Durante mi etapa universitaria, estudié la obra de Paul Romer, reconocido economista, galardonado en 2018 con el Premio Nobel por su teoría del crecimiento endógeno. Sin embargo, no fue sino hasta su conferencia TED de 2009 sobre Charter Cities cuando comprendí el verdadero alcance de sus ideas. Su propuesta sugería una vía concreta para acelerar el desarrollo en países con instituciones frágiles. Desde entonces, he explorado cómo estos principios podrían aplicarse en Colombia, tanto en mi ejercicio profesional como en mi labor académica.
El crecimiento no depende solo de inversiones o recursos, sino de reglas estables y un marco institucional que genere confianza. Aquí la debilidad del Estado persiste: su presencia efectiva cubre menos de un tercio del territorio, mientras el resto opera bajo regímenes informales o sin orden alguno. Geografía, violencia y fragilidad institucional han marginado amplias regiones. Las estrategias aplicadas -descentralización, infraestructura y presencia militar- han sido insuficientes. Insistir en las mismas fórmulas solo prolongará la frustración.
Por ello, explorar la creación de espacios de desarrollo autónomo con reglas claras y adaptadas a las realidades de los territorios podría representar una alternativa viable. La experiencia global demuestra que, cuando se establecen normas estables y entornos institucionales eficientes, la inversión y el crecimiento siguen de manera natural. Sin embargo, para que esta idea prospere, se requieren gobiernos territoriales comprometidos, dispuestos a priorizar el progreso social, sobre la burocracia y el clientelismo.
Casos de éxito no faltan. Desde los años 80, China convirtió regiones marginadas, como Shenzhen, en motores de desarrollo con sus Zonas Económicas Especiales (ZEE). Más recientemente, la República Dominicana y Honduras han adoptado modelos similares para atraer inversión y modernizar sus economías. Estas iniciativas generan debates, pero en territorios sin bienestar ni seguridad, la cuestión no es perder soberanía, sino ejercerla de manera efectiva.
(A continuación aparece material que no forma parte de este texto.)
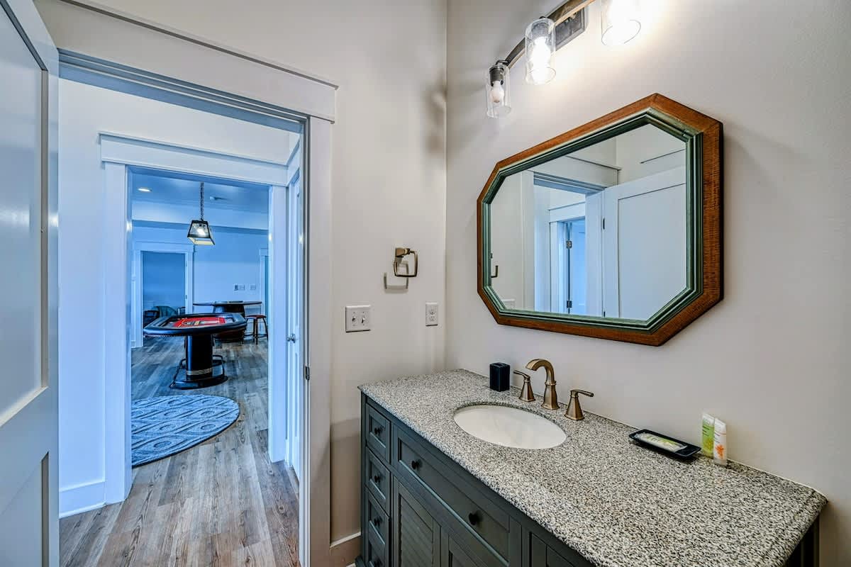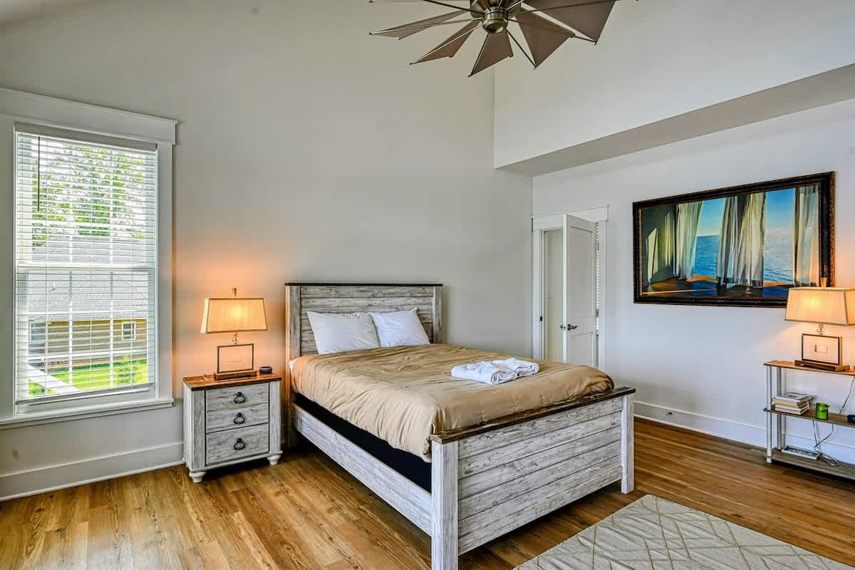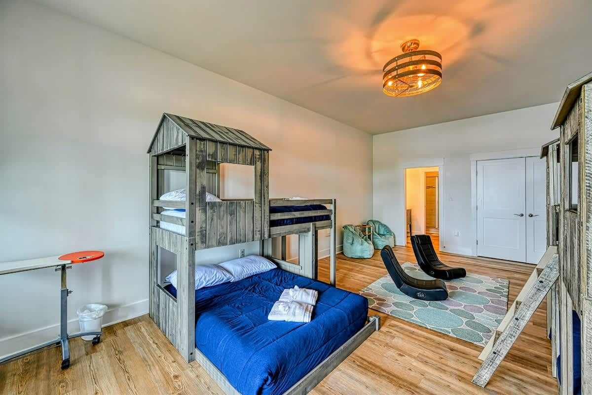 Enjoy lake views from all four bedrooms. The main-floor primary and guest bedrooms each include direct balcony access. The primary bedroom features a private en suite with a deep soaking tub, a shower with dual shower heads, and a walk-in closet. The lower-level primary and guest rooms each include direct patio access. The lower primary bedroom is furnished for younger guests with dual, fort-style bunk beds and a private en suite with an enclosed shower.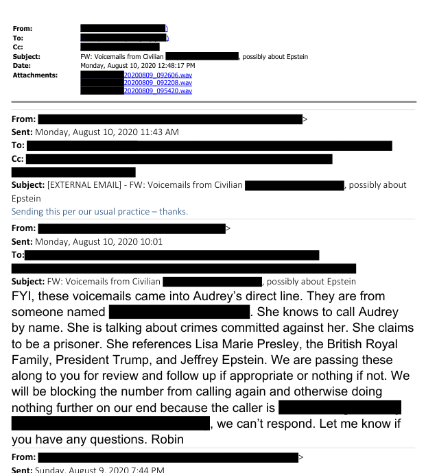 We also see here the (quite common) issue of inconsistent redactions. We now the caller (she) knew to call “Audrey” by name. We know that this came from “Robin.” We also see the redaction of the caller’s location, which we can see, unredacted, in the email above.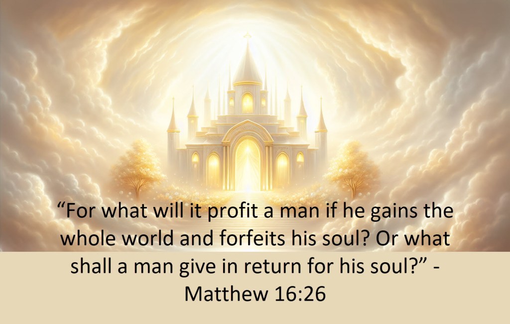 Jesus also helped with the picking dilemma: “For what will it profit a man if he gains the whole world and forfeits his soul? Or what shall a man give in return for his soul?” – Matthew 16:26 The ROI equation is regarding what a man will give in return for his everlasting soul.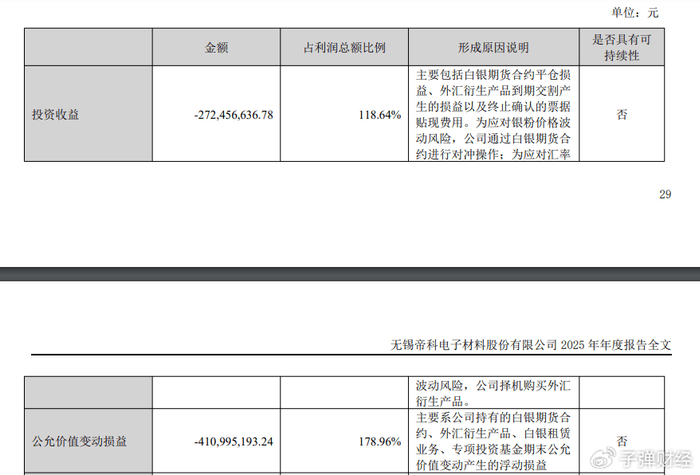 最终结果反映在2025年年报中。2025年年报,帝科股份非经常损益科目明确表述,除同公司正常经营业务相关的有效套期保值业务外,非金融企业持有金融资产和金融负债产生的公允价值变动损益以及处置金融资产和金融负债产生的损益,这部分金额高达6.41亿元。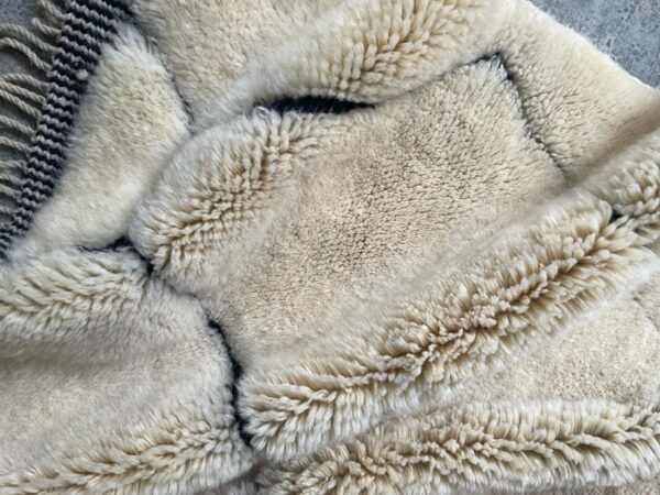 Die Kunsthandwerkerin beschafft sich ihre geschmeidige Schurwolle in den Dörfern des Mittleren Atlasgebirges. Das Produkt stammt von einer in der Region heimischen Schafsgattung. Die rohe Wolle wird mit Hilfe von Seifenkraut im Fluss gewaschen bevor sie, nach alter Berbertradition eine ganze Nacht lang unter dem Sternenhimmel ausgelegt wird, um “den bösen Blick” abzuwenden.

En Colombia, la posibilidad de implementar un modelo similar se planteó desde la década pasada, con la visita del propio Romer y misiones del DNP. En días pasados, el presidente Gustavo Petro mencionó la creación de una ZEE en el Catatumbo con Venezuela. Sin embargo, más que discursos, su materialización exige planificación, seguridad y aliados estratégicos, no este régimen autoritario y corroído por la corrupción que compromete cualquier proyecto sostenible.
Nuestro país dispone de herramientas para impulsar soluciones audaces. La autonomía de las entidades territoriales, los esquemas asociativos basados en proyectos de alto impacto y el marco normativo para asociaciones público-privadas ofrecen un punto de partida para crear espacios donde la inversión y la innovación no queden atrapadas en la inercia política tradicional. No se trata de ceder ante actores externos ni de diluir la identidad nacional, sino de construir un modelo que integre eficazmente a las regiones en la economía global bajo reglas, seguras, modernas y funcionales.
En lo inmediato, no se trata de caer en el infructuoso debate sobre qué es el desarrollo o qué modelo adoptar. En nuestra diversidad, cada región deberá encontrar el más adecuado para sus habitantes, aprovechando el aprendizaje de quienes han sabido hacerlo bien en otras latitudes. Lo fundamental es decidir a quién conviene invitar para transformar esta realidad, si persistiremos en el camino que ha demostrado ser insuficiente o si, finalmente, nos atreveremos tomar otro rumbo.